J. Clinical records shall be available to residents and legal representatives, if they wish to see them.
K. When a nursing facility closes, the owners shall make provisions for the safekeeping and confidentiality of all clinical records.
A. A quantity of linens shall be available at all times to provide for proper care and comfort of residents.
B. Linens and other laundry must be handled, stored, and processed to control the spread of infection.
C. Clean linen shall be stored in a clean and dry area accessible to the nursing unit.
D. Soiled linen shall be stored in covered containers in separate, well ventilated areas and shall not accumulate in the nursing facility.
E. Soiled linen shall not be sorted, laundered, rinsed, or stored in bathrooms, resident rooms, kitchens, or food storage areas.
F. Soiled linen shall not be placed on the floor.
G. Arrangement for laundering resident's personal clothing shall be provided. If laundry facilities are not provided on premises, commercial laundry services shall be utilized.
A. Provisions shall be made to obtain appropriate transportation in cases of emergency.
B. The nursing facility shall assist in obtaining transportation when it is necessary to obtain medical, psychiatric, dental, diagnostic or other services outside the nursing facility.
A. All unique design solutions shall be described with outcome measures. This shall be reviewed in cooperation with the OLC. 
B. The description and outcome measures shall be a part of the material used to review the design solution at the time of the facility survey. 
C. All unique design solutions, unless specifically excluded by contract, shall comply with Parts II (12VAC5-371-110 et seq.) and III (12VAC5-371-200 et seq.) of this chapter. 

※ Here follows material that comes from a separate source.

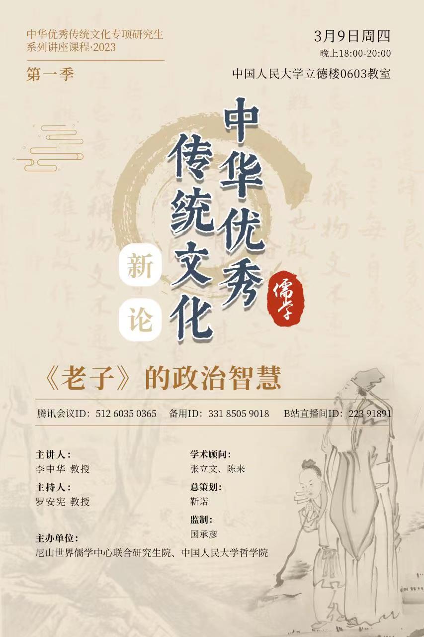 预告|李中华:《老子》的政治智慧|“中华优秀传统文化新论”系列讲座课程·2023 第三讲

Guidelines for Design and Construction of Health Care Facilities, Facilities Guideline Institute (formerly of the American Institute of Architects Academy of Architecture), 2010 Edition.
Guidelines for Preventing Health Care-Associated Pneumonia, 2003, MMWR 53 (RR03), Advisory Committee on Immunization Practices, Centers for Disease Control and Prevention. 
의료 관련 폐렴 예방 가이드라인, 2003, MMWR 53 (RR-3), 질병관리본부 예방접종실무자문위원회.
Prevention and Control of Influenza, MMWR 53 (RR06), Advisory Committee on Immunization Practices, Centers for Disease Control and Prevention.